Envois de fonds Participantes Coûts payés à l’agence (Personne qui a déboursé) Sous le PAFR Sous le permis ouvert de travail Au moment de l’entrevue

Leah NA Oui++ Oui+ Oui+

Gina 2000 $ (mère) Oui++ Non Non

Jennifer NA Oui++ Non Non

Michelle NA Oui + Oui+ Oui+

Joan 3 500 $ (Joan) Non Non Non

Mary Jane 4 500 $ (Mary Jane) Oui++ Oui++ Oui++

Catherine 1 000 $ (Catherine) Oui+ Non Oui+

Arlene 2 500 $ (Cousine) Oui++ Oui++ Oui ++

Aileen N/A Oui++ Oui++ Oui++

Grace 3 065 $ (Grace) Oui++ Oui++ Oui++

Joséphine 3 500 $ — 4000 $ (Joséphine) Oui++ Oui++ Oui++

+ : Envois de fonds au besoin ++ Envois de fonds réguliers

Leurs revenus provenant de leur travail d’AFR suivi d’emplois à bas salaires, conjugués à leurs obligations financières illustrées dans le Tableau 24, ne laissent pas de place pour la majorité de celles-ci aux économies. On peut voir qu’Arlene, Aileen, Grace et

Joséphine, devaient assumer des envois de fonds réguliers à leur famille aux Philippines, et ce en continu depuis leur arrivée jusqu’au moment de l’entrevue. Dans ce passage, Grace ne voit pas comment elle pourrait retourner aux études tout en étant capable de répondre à ses obligations financières :

Non. Je n’ai pas le budget pour cela. L’argent est la raison principale. Si tu vas à l’école à temps plein, comment fais-tu pour survivre ? Étant donné mes factures. J’étais la seule. Jusqu’à maintenant, je vis seule. Personne ne m’aide pour mes factures. J’envoie aussi de l’argent à ma mère. Je travaille fort. Je reçois toujours le salaire minimum jusqu’à aujourd’hui.

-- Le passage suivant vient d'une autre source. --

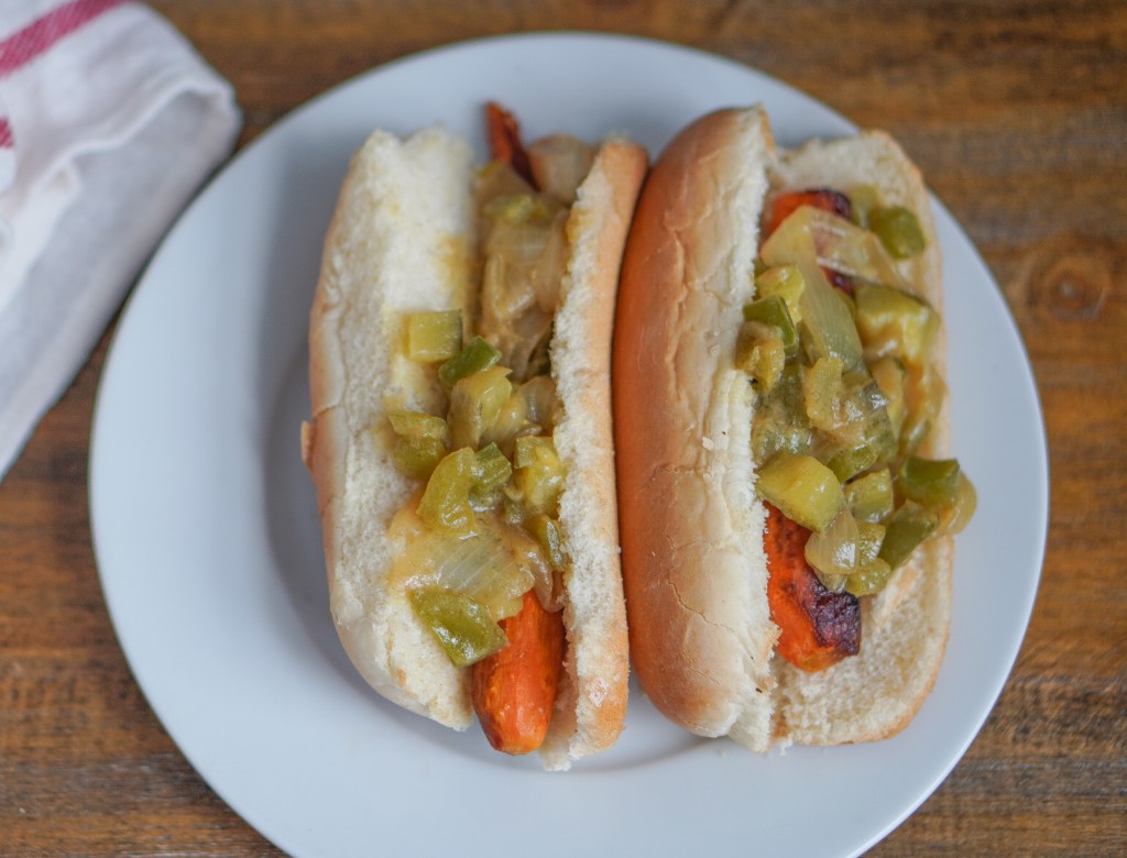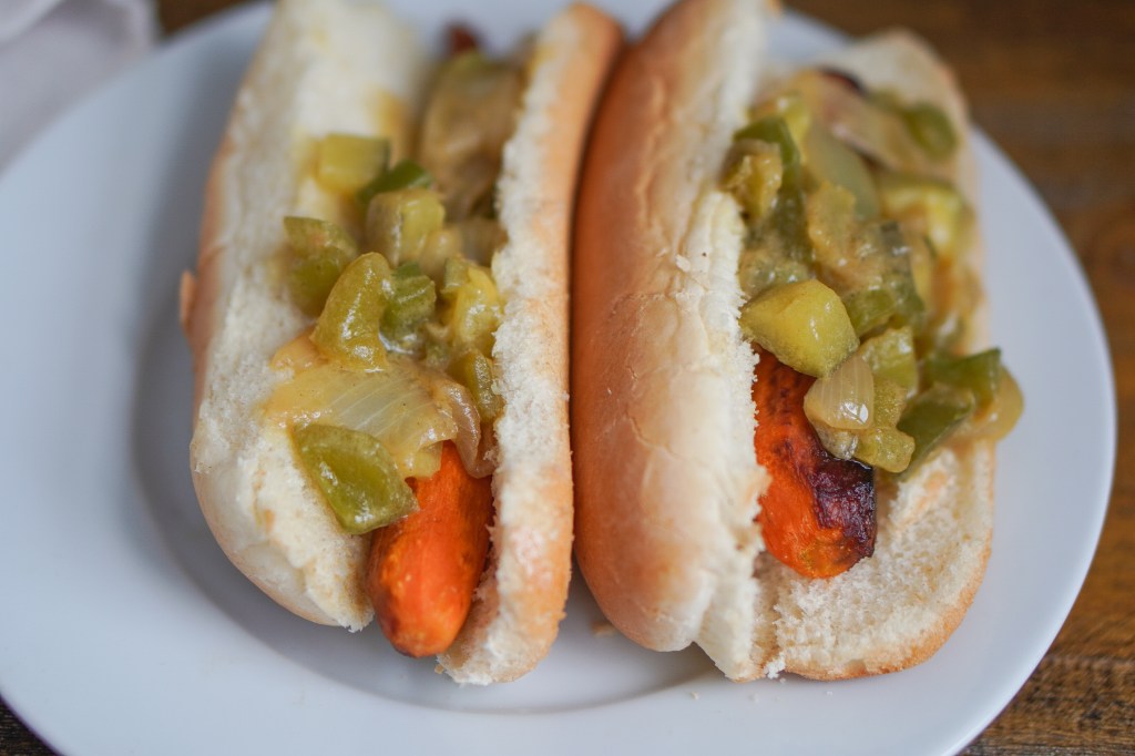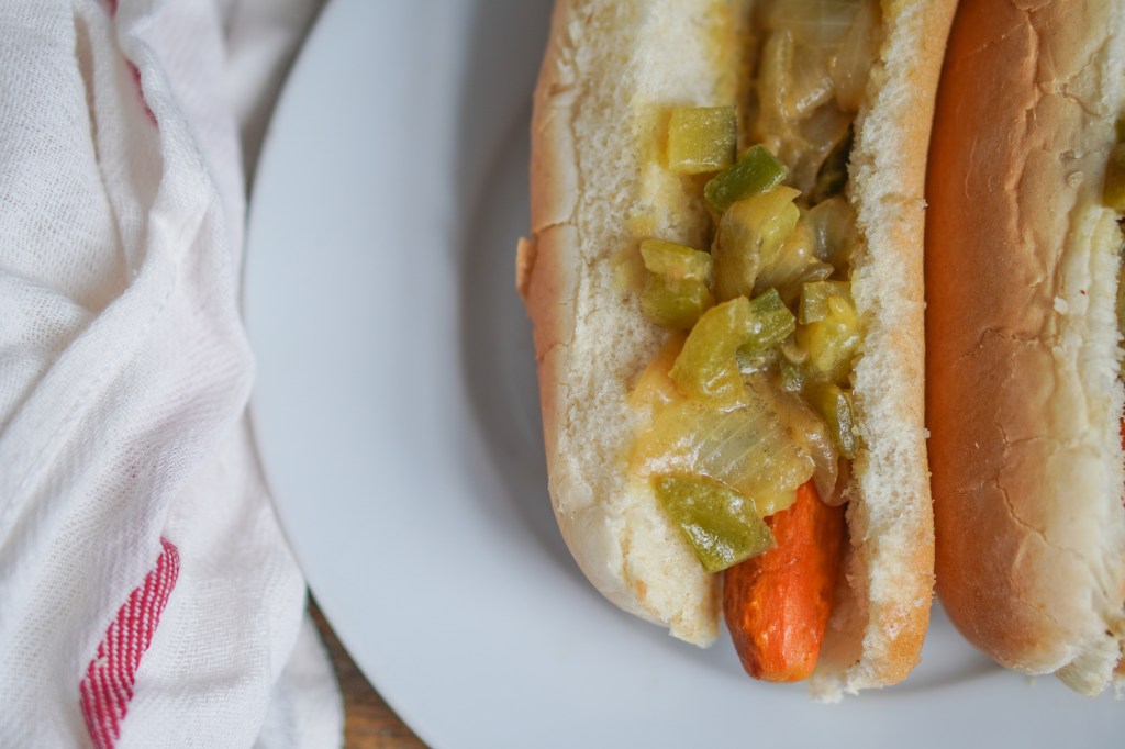 Relish can come in different textures and flavors, but I like mine a little chunky, a little sweet, a little salty, and a whole lot of sour! And for those of you (I know you’re out there) who don’t like green peppers, green peppers are, as the kids say, BoMb in relish. So, if anything, make these just so you can eat the relish.

Je n’ai seulement que mes besoins de base pour avoir un gros budget à envoyer à ma mère. Donc, j’ai un intérêt à aller à l’école. J’aimerais pratiquer ma profession et travailler dans un bureau. Je suis une fille de bureau aux Philippines. Comment pourrais-je aller à l’école ? (Grace)46

Ce que dit Grace dans ce passage met aussi en lumière un autre obstacle qui semble avoir un impact sur le retour aux études. Comme déjà mentionné, plus de huit d’entre elles résidaient seules (sans conjoint) au moment de l’entrevue et le conjoint et les enfants d’Arlene venaient tout juste d’arriver au Québec, au moment de l’entrevue. Ces neuf participantes étaient donc seules avec d’importantes responsabilités financières, sans conjoint ni famille au Québec. Elles ne pouvaient donc pas compter sur l’aide ou le support de ceux-ci. Pour pouvoir faire un retour aux études, Mary-Jane disait attendre l’obtention de sa résidence permanente et l’arrivée de sa famille pour pouvoir suivre à temps plein une formation de préposée aux bénéficiaires. Comme son conjoint et sa fille travailleront, il sera plus facile pour elle de réduire ses heures de travail pour suivre ses cours. De plus, pour Jennifer et Gina, le soutien du conjoint a été aidant à leur retour aux études. En parlant de sa situation financière aux études, Jennifer mentionnait l’aide apportée par son conjoint :

46 No. I don’t have budget for that. Money is the main reason. If I go to school full time, how could I survive? Giving with my bills. I was the only one. Until now, I’m leaving alone. No one helping me with my bills. I also send money to my mother. I worked hard. I’m still receiving the minimum wage until this time. I’m just have my basic need to have a good budget to send to my mom. So I have interest to go to school. I would like to practice my profession and work in a office. I’m an office girl in the Philippines. How could I go to school? (Grace)

C’était bien parce que je ne travaillais pas. J’étais concentrée. J’avais de bons résultats. J’avais vraiment de bons résultats. Je viens juste de commencer à travailler cet été et c’est un emploi facile et je suis à ma dernière session. Donc tout était « smooth ». Et j’avais mon conjoint pour me supporter donc je n’étais pas inquiète à propos de l’argent (…) Juste de vivre ensemble m’aidait beaucoup parce que j’avais le soutien financier, le soutien émotionnel et comme je disais, je n’avais pas à payer de loyer. Et il y a eu un moment où je devais vraiment envoyer de l’argent à la maison et il m’a aidé pour cette urgence. (Jennifer)47

Enfin, il y a un délai considérable au début du retour aux études et les résultats illustrent une situation financière précaire qui semble nuire, à différentes mesures, à leur retour aux études. S’ajoutent aussi les responsabilités qu’elles doivent assumer, en majorité, seules durant plusieurs années.